Não vivemos no caminho da servidão, mas sim, na servidão do caminho...
Por Almir Cezar Filho
Em O Caminho da Servidão, Friedrich Hayek acusava o socialismo, o intervencionismo econômico, o Estado de bem-estar social e o planejamento estatal de conduzirem a uma "servidão": a perda das liberdades civis e a ascensão de regimes totalitários. Para Hayek, e para seus pares como Von Mises e Milton Friedman, qualquer tentativa de submeter a dinâmica do mercado à ação coletiva racional implicaria inevitavelmente na erosão da liberdade individual. No entanto, a realidade que emergiu nas últimas décadas mostra-se um espelho invertido dessa tese. O desmonte dos instrumentos de regulação estatal, a demonização do planejamento, a precarização do Estado social e a expansão desmedida da lógica mercantil não produziram liberdade, mas sim uma nova forma de servidão: a servidão ao capital financeiro, às corporações transnacionais e ao poder punitivo do Estado autoritário.

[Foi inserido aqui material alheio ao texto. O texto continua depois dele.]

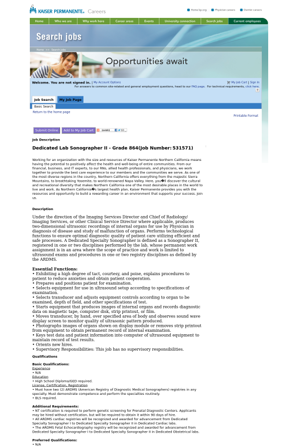 Working for an organization with the size and resources of Kaiser Permanente Northern California means having the potential to positively affect the health and well-being of entire communities. From our financial, business, and IT experts, to our RNs, allied health professionals, and physicians, we work together to provide the best care experience to our members and the communities we serve. As one of the most diverse regions in the country, Northern California offers everything from the majestic Sierra Mountains, to breathtaking Yosemite, to world-renowned Napa Valley. Here, you�ll discover the cultural and recreational diversity that makes Northern California one of the most desirable places in the world to live and work. As Northern California�s largest health plan, Kaiser Permanente provides you with the resources and opportunity to build a rewarding career in an environment that supports your success. Join us.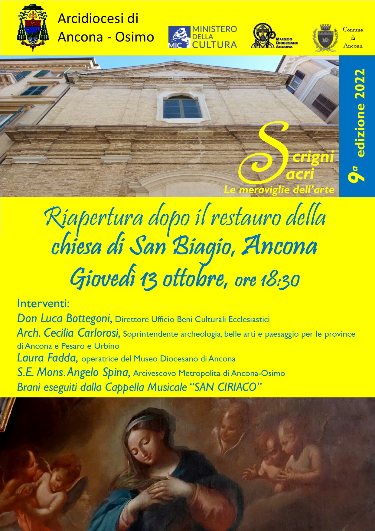 Dopo i lavori di restauro, la chiesa di San Biagio (Ancona) riaprirà giovedì 13 ottobre, alle ore 18.30. La riapertura della chiesa di corso Mazzini chiuderà la nona edizione della rassegna estiva “Scrigni Sacri. Le meraviglie dell’arte”, organizzata dal Museo Diocesano di Ancona.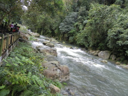 來到南庄,沿著護魚步道的木棧道往下走一小段,就聽到了淙淙流水聲。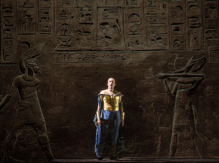 “Non aveva senso per me ripercorrere la strada, già pesantemente battuta, dell’attualizzazione. Piuttosto (…) abbiamo pensato, (…) – scrive nelle note di regia Pier Francesco Maestrini – di attingere più dal fantastico che dallo storico e ricercare una evocativa chiave visuale della vicenda per quella che è, cercando di evidenziare la spettacolarità degli eventi prodigiosi e gli effetti dei poteri soprannaturali che sono anche i momenti cruciali dell’opera. Si è anche cercato, soprattutto nei costumi, di identificare le opposte fazioni come due facce della stessa medaglia. Anche perché, se il racconto narra di Mosé e del Faraone cresciuti fianco a fianco come fratelli, lo stesso Rossini mette in conflitto due bassi, un confronto epico insito della natura umana, presente in ogni cultura e religione, come se lo Yin non potesse sussistere senza Yang. E purtroppo, sono sempre gli estremismi e i preconcetti a mettere in contrasto mortale fazioni che fanno capo allo stesso ceppo etnico, allora come oggi”.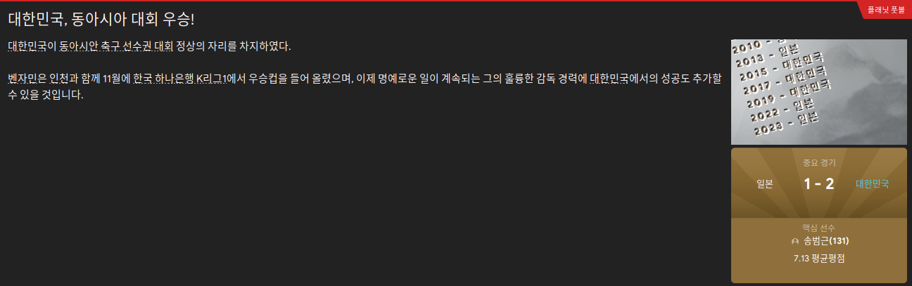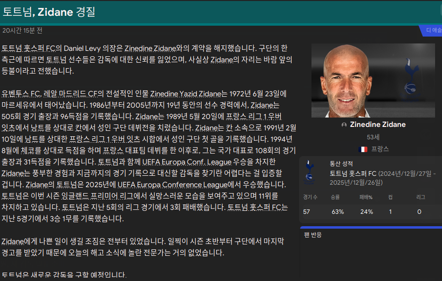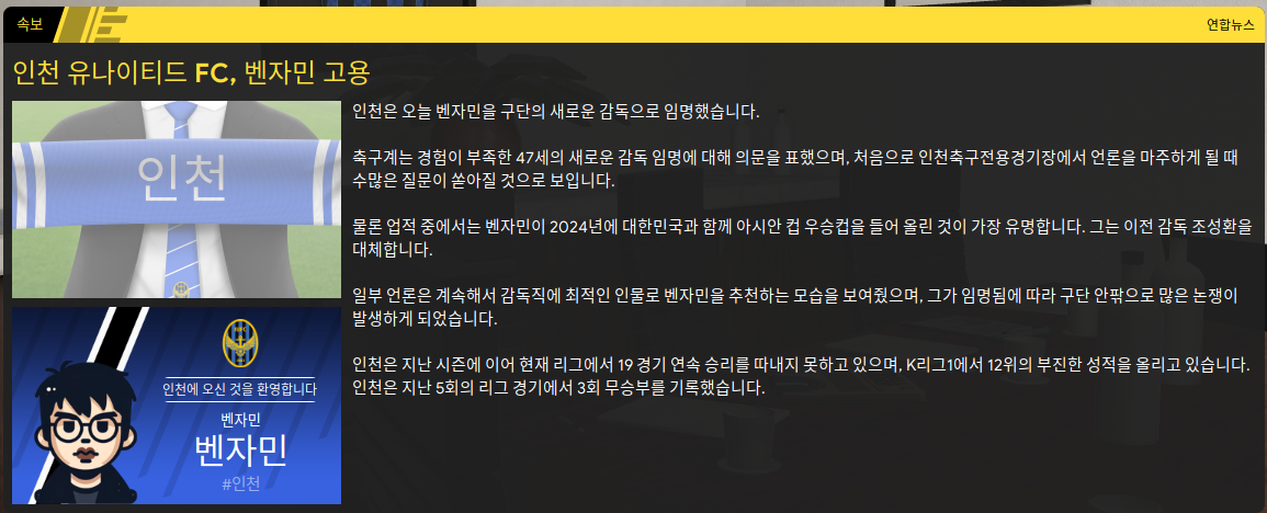 | 축구감독 생존기 S4 - 안양FC 26 > 토트넘 25/26 (0) | 2024.01.14 |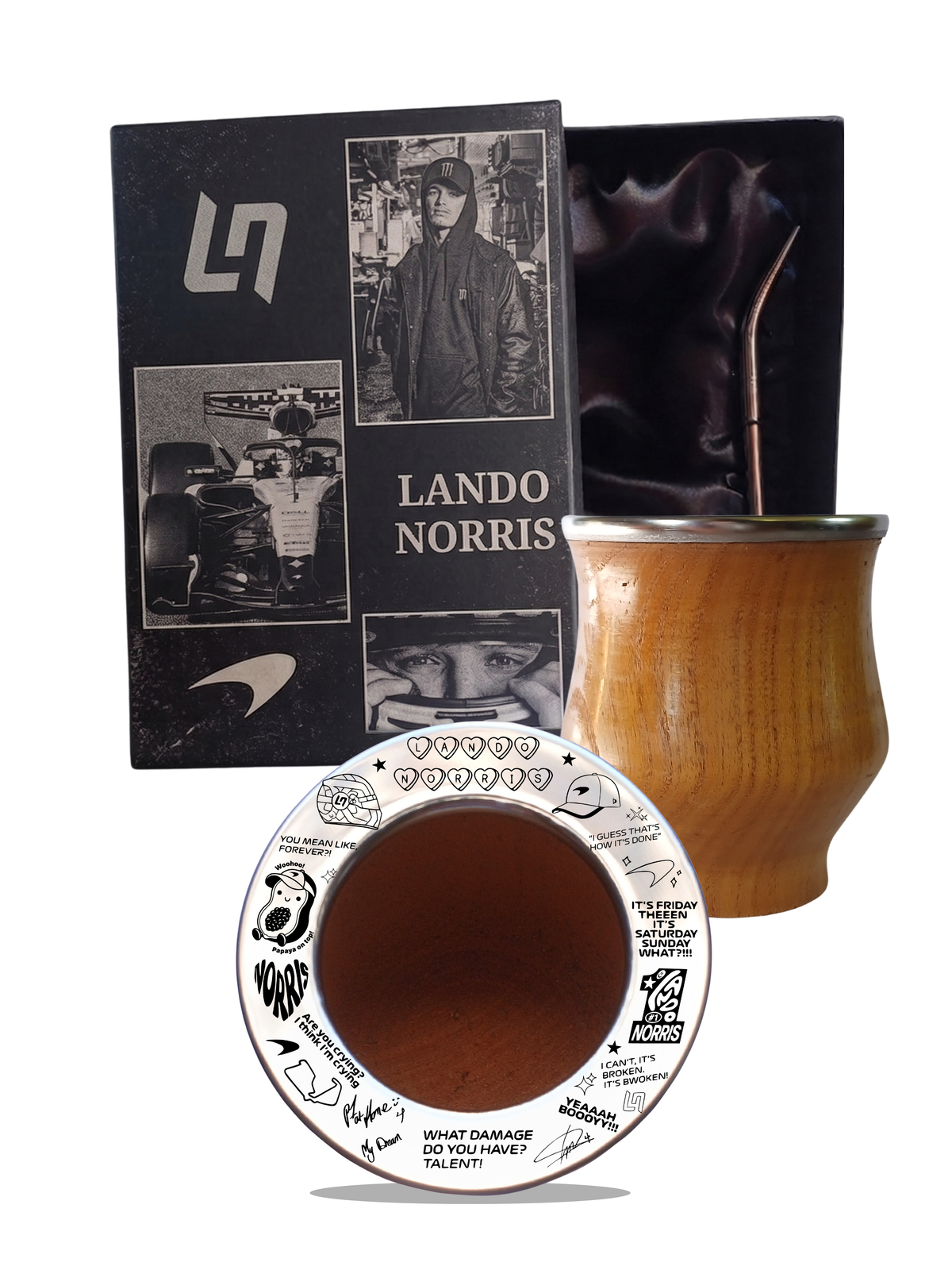 Mate camionero de algarrobo con grabado vectorial de Norris. Incluye bombilla de acero inoxidable y caja negra de presentación grabada. Edición limitada F1 2026.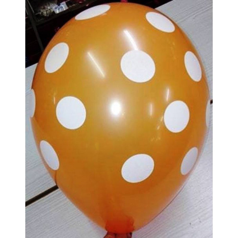 Μπαλόνι 12" σε πορτοκαλί χρώμα με λευκά πουά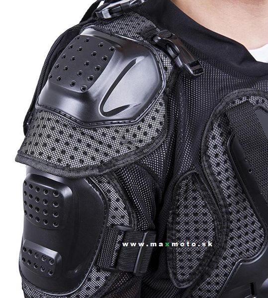 Koerta ochráni vrchnú časť tela - chrbticový chránič (korytnačka), zapracovaný obličkový pás, chrániče ramien a lakťov, predný hrudníkový chránič. Chrániče sú všité do poddajnej sieťovej tkaniny. Lakťové a ramenné chrániče je pomocou sťahovacích pásov/gumičiek možné nastaviť podľa potreby.

Sob a hegemonia da ideologia do livre mercado, vivemos a degradação da malha social, a desindustrialização, a explosão das crises financeiras, a inflação das commodities, a concentração de riquezas e a corrosão da esfera pública. O "mercado" — como abstração ideológica que naturaliza relações sociais e apaga conflitos — se tornou dogma inquestionável. Entretanto, esse fundamentalismo mercadológico se traduz, na prática, em anomia, precariedade e despotismo. A promessa de liberdade se converte em serviço informal, vigilância digital, escravidão por dívida e judicialização da política. O que era para ser um antídoto contra o totalitarismo, revelou-se seu fermento.